QoS over MPLS vs Internet based SD WAN underlay

  • QoS (Quality of Service) MPLS WAN offers end-to-end prioritisation of application traffic, typically over six settings.
  • SD WAN services provide more granular control of application traffic, but not end-to-end.
  • MPLS QoS is relatively simple to understand. The process is to mark traffic with a setting (i.e., DSCP) which is followed end-to-end, ideal for critical applications.

Above, you’ll see traffic marked at the customer edge through to the provider edge and core provider device. This approach allows organisations to be confident in the performance of their applications, even under congestion. SD WAN is somewhat different. At first glance, traffic prioritisation is achieved by analysis of applications to a much more detailed level vs. MPLS QoS.

SD software analyses traffic and gauges end-to-end path performance. The ability to consider the end-to-end path is how SD WAN achieves an experience comparable to MPLS. With this in mind, the analysis of your internet connectivity must be carefully considered during the procurement process. SD WAN functionality is available on multiple devices, including software-based clients.

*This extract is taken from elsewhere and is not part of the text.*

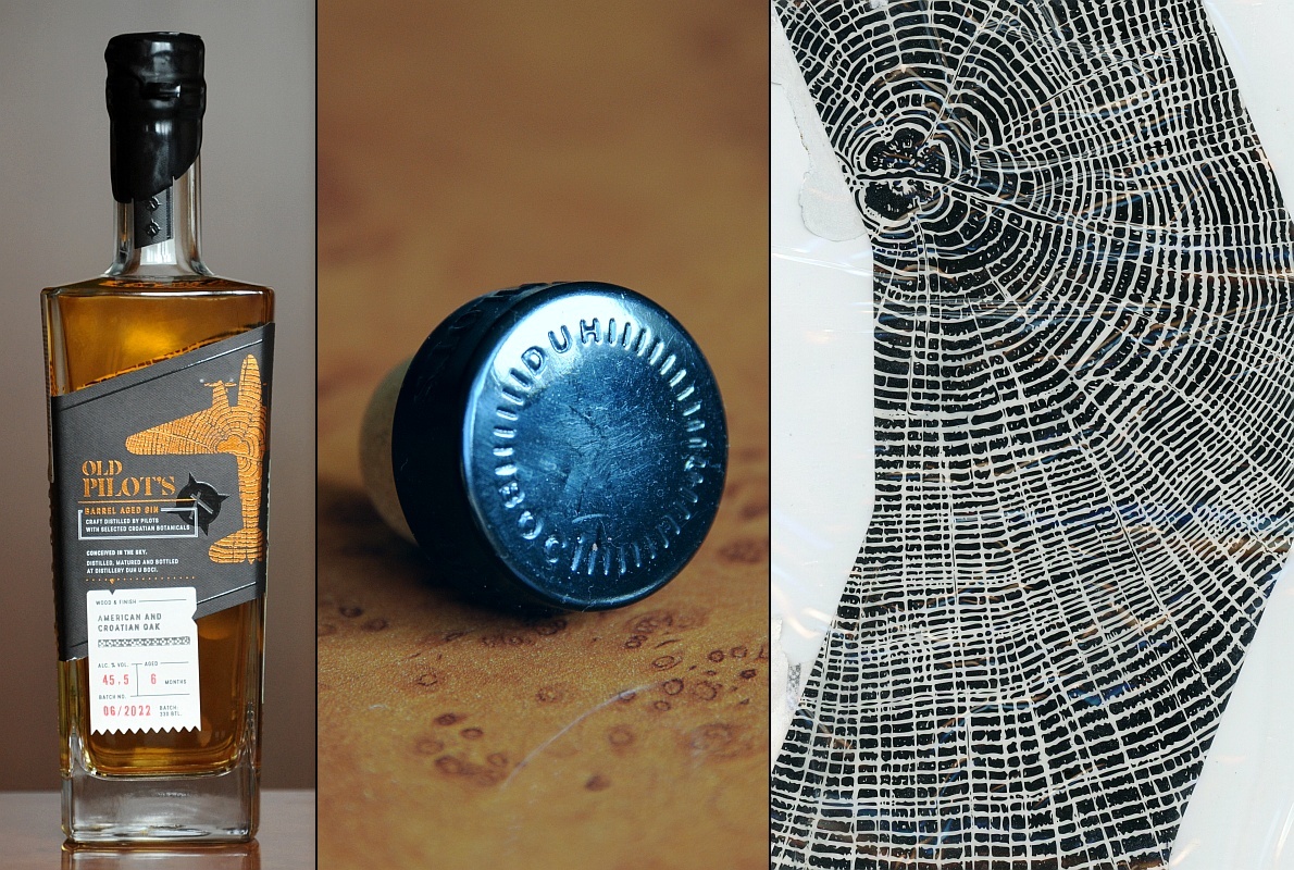 Продолжаем знакомиться с джинами. Обзор от моего друга El_gorra (текст и фото автора, ссылка на оригинал в конце обзора). Duh U Boci Old Pilot`s Barrel Aged Gin. Второй подход к представителю "авиационноых" джинов из Хорватии, в данном случае – более статусный и дорогой вариант с бочковой выдержкой в течение 6 месяцев (в американском и хорватском дубе). Оформление похожее, но ради подчёркивания "задубленности" напитка основательно выделен коричневый цвет разных оттенков в оформлении. Ну, собственно, и сам дистиллят тоже имеет откровенно коричневатый отлив. Пластиковая капсула, имитирующая сургуч – чёрная, в отличие от белого у базового джина. Чуть повышенный градус – 45,5%. Бочка номер 06/2022 (330 всего бутылок из этой бочки). Примечательно, что оборотная сторона главной этикетки имитирует дубовый срез с многочисленными годовыми кольцами (см. картинку). Странно, но русская контра настаивает на только 3-х месяцах дубовой выдержки (правда, упоминается довыдержка в бочках из-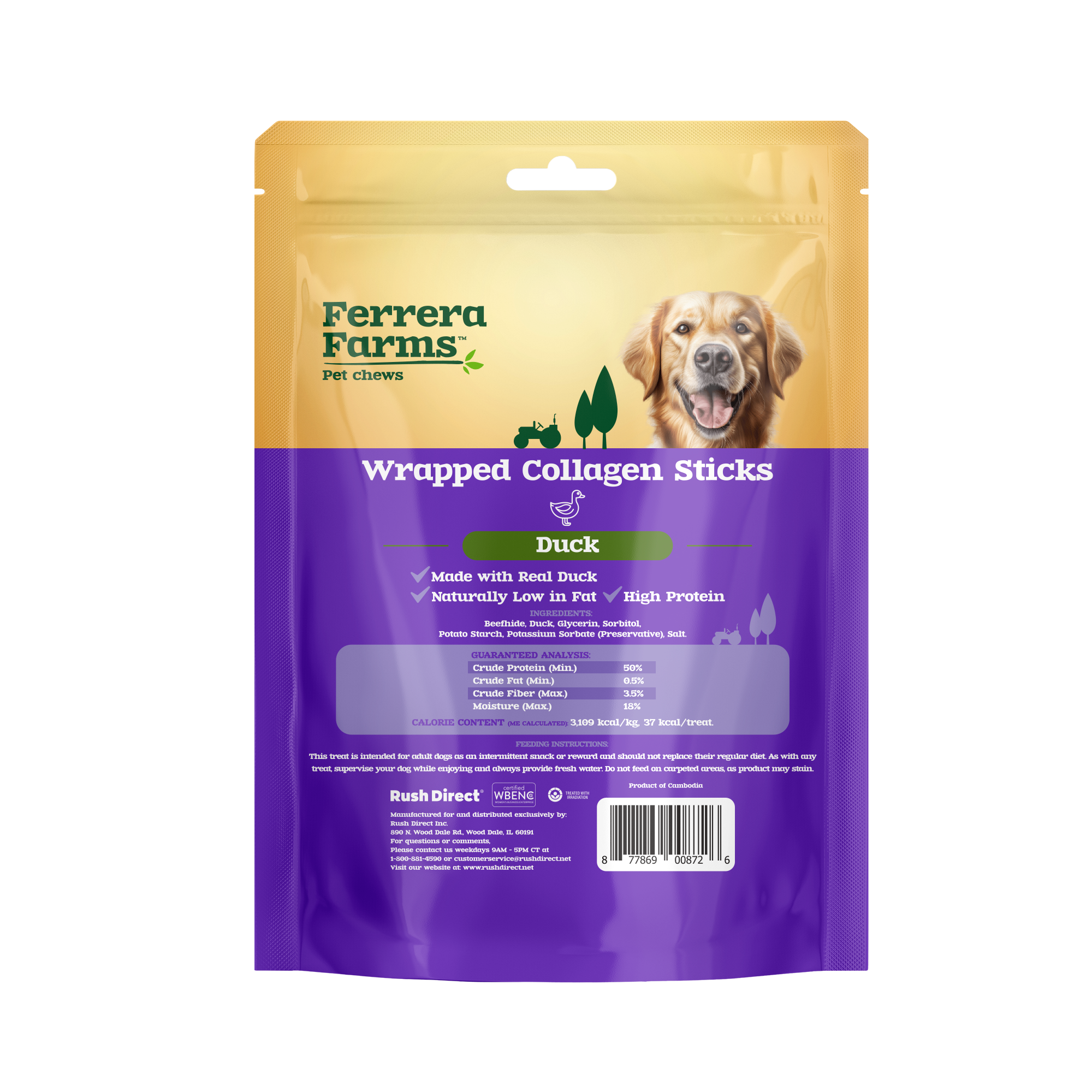 Ferrera Farms Duck Wrapped Collagen Sticks Dog Chews 5OZ

This aspect provides a standardised set of security policies via one vendor across all of your user and extranet profiles offering a huge benefit as you deploy corporate resources with security and application performance enhancements. Couple these advantages with a lower cost of connectivity vs. MPLS, and you’ll quickly understand why SD WAN is growing in popularity.

Cloud Services are driving the take up of SD WAN The majority of resources employees use today are using cloud-based applications via Microsoft Azure, AWS and Google Cloud. These hosted apps include video conferencing, voice, instant messaging, file storage and backup.

Finally, with an SD WAN solution, you’re leveraging on the power of the Internet, including mobile 4G/5G access, Internet leased lines and broadband access to cloud resources. In other words, users can work from wherever they are located. Offering a comparable experience across MPLS networks requires a connection with cloud providers or the creation of a private cloud. Remote users will need some form of gateway with VPN (Cisco DM VPN as an example) to secure connectivity in the office.